Ist noch einmal jemand ein Stück der Strecke gefahren und kann sagen wie der Rest vom Boden so ist? Samstag war doch Streckenbesichtigung. Da waren doch bestimmt einige unterwegs.

Gruß
Marcus


----------



## ragazza (1. Oktober 2013)

mtbmarcus schrieb:


> Ist noch einmal jemand ein Stück der Strecke gefahren und kann sagen wie der Rest vom Boden so ist? Samstag war doch Streckenbesichtigung. Da waren doch bestimmt einige unterwegs.
> 
> Gruß
> Marcus



Na wie wird's wohl sein, nach den tagelangen sintflutartigen Regenfällen der letzten Tage ?


----------



## mtbmarcus (1. Oktober 2013)

Pfitzer meinte ein Teil der Strecke wäre wohl recht schlammig. Deshalb meine Frage. Meiner Meinung nach sollte es wie bei uns hier fast staubtrocken sein.

Gruß
Marcus


----------



## spessarträuber (1. Oktober 2013)

am Sa. bei der Besichtigung waren im ersten drittel paar kleinere schlammige Stellen dabei, die man jedoch umfahren kann. 

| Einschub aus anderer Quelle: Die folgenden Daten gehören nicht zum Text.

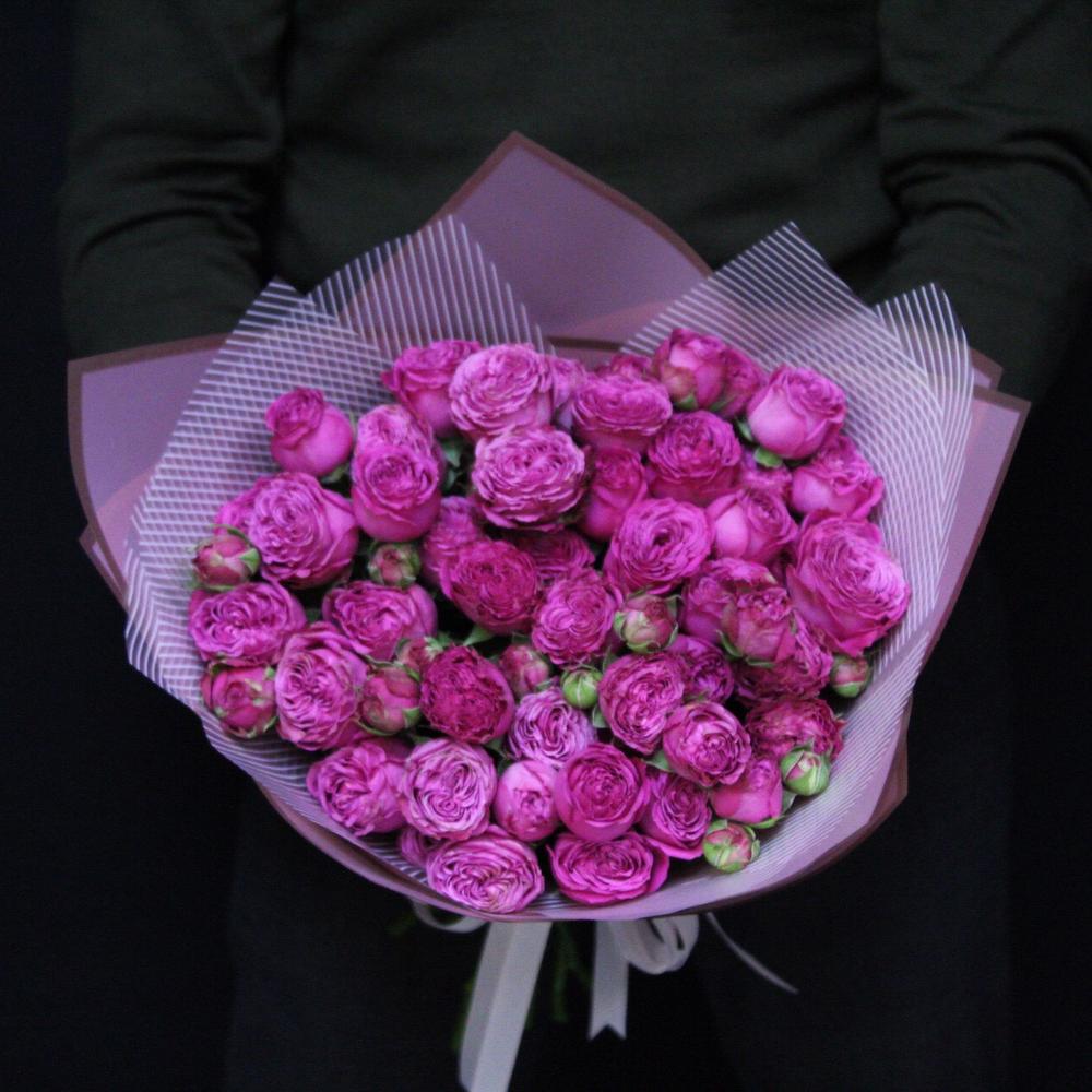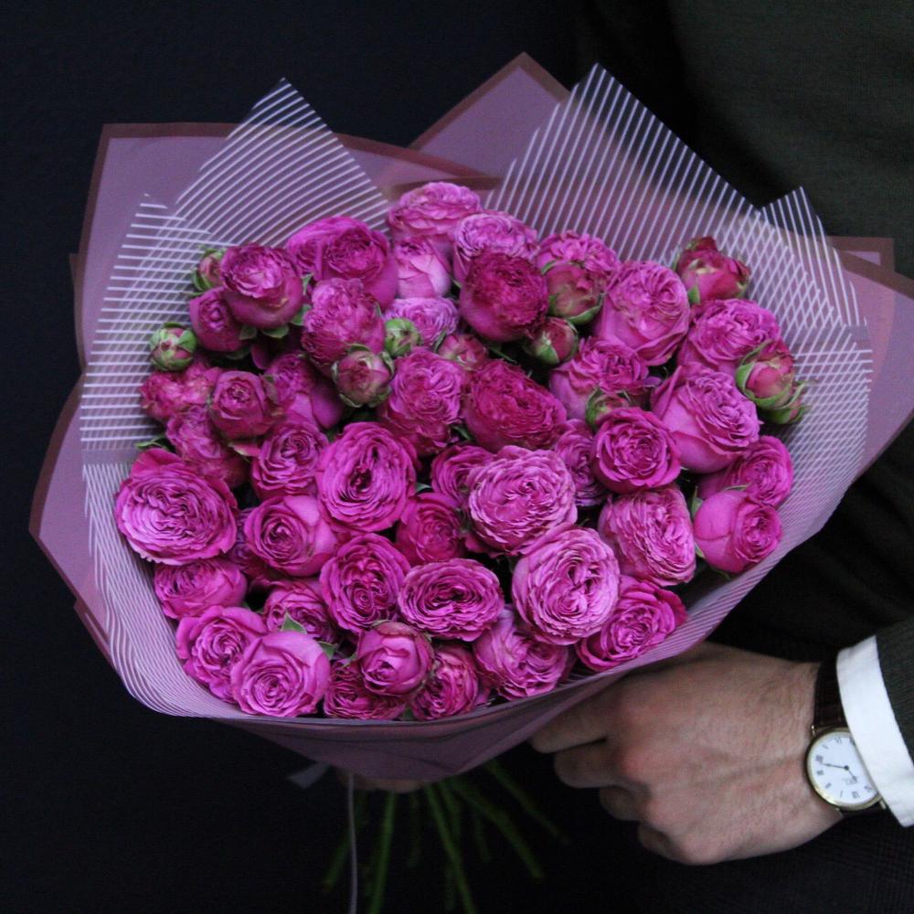Пионовидная кустовая роза – 11 шт.Пленка матовая – 4 шт.Лента атласная – 2 шт.

ansonsten war die Strecke schön trocken, freu mich auf Do.!


----------



## guenththo (3. Oktober 2013)

Geil wars!!!


----------



## mtbmarcus (3. Oktober 2013)

guenththo schrieb:


> Geil wars!!!


Und nahezu brottrocken

Sehr schöner Abschluß der Saison!
Ah, nicht ganz. Bitte noch hier teilnehmen.
http://www.biketeam-mueller.de/html/charity_tour.html

Gruß
Marcus


----------



## Fabse86 (3. Oktober 2013)

Es war meine erste Teilnahme, aber sicherlich nicht die letzte. Die Strecke hat mir äußerst gut gefallen. 
Die Krönung war dann auch noch ein Pokal für mich


----------



## ragazza (3. Oktober 2013)

Großes Lob an die Veranstalter, sie haben ihre Hausaufgaben gemacht. Es war optimal ausgeschildert, die Zeitnahme per Chip ist perfekt und gerecht.
Tolle Veranstaltung auf sehr schnellen Trails.
Oft war es spannend, wenn die Botanik die Sicht stark behindert hat.
Ich habe mich dann drauf verlassen, dass keine Überraschung lauert und habe voll reingehalten. Ich sehe ja eh schlecht, bins also gewohnt .
 Auch die Streckenposten waren diesmal zahlreicher und engagierter bei der Sache.
Nächstes Jahr gerne wieder.


----------



## MTB-News.de




----------



## pfitzer (3. Oktober 2013)

Freut mich das es euch gefallen hat, hoffe ihr seit alle nächstes Jahr wieder dabei. Vielleicht kann ich dann auch mal mitfahren und muss nicht wieder als Pfosten im Wald rum stehen. Wobei das mitunter auch recht lustig ist
Leider hats auch ein paar schwerere Stürze gegeben bei uns auf dem Retzstadter Abschnitt. Von hier aus gute Besserung und hoffentlich wars am Ende dann doch nicht so schlimm.


----------



## guenththo (4. Oktober 2013)

Hi,
Wann kommen denn die restlichen Bilder online? Ich habe bis jetzt erst ein Bild von mir gesehen.

Lg
Thorsten


----------